DIRECTIONS FOR THIS TASK: In the listing below, find the line with "2024年5月24日水質(zhì)檢驗(yàn)報(bào)告 ???" and the line with "- Use a silver". Repeat those two lines and all lines between them exactly.

DATA EXTRACTS below:

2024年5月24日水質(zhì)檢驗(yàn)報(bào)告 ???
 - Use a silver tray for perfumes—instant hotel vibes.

End of DATA EXTRACTS.
DATA EXTRACTS below:

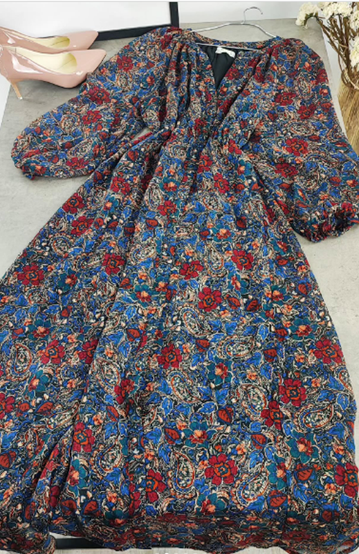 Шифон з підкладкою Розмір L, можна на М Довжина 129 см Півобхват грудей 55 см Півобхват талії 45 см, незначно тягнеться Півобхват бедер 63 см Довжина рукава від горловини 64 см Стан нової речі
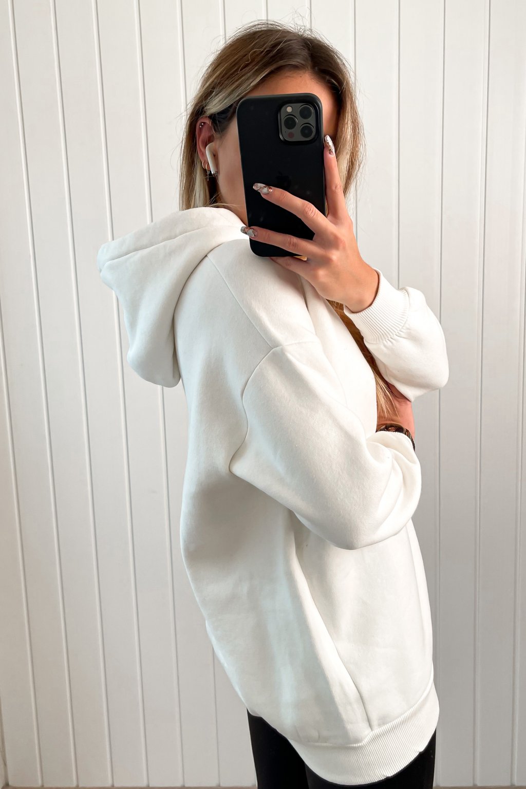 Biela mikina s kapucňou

End of DATA EXTRACTS.
DATA EXTRACTS below:

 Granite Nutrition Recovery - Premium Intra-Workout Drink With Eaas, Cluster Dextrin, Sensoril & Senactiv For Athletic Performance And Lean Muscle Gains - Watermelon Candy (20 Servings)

End of DATA EXTRACTS.

THE COMPLETED TASK:
2024年5月24日水質(zhì)檢驗(yàn)報(bào)告 ???
 - Use a silver tray for perfumes—instant hotel vibes.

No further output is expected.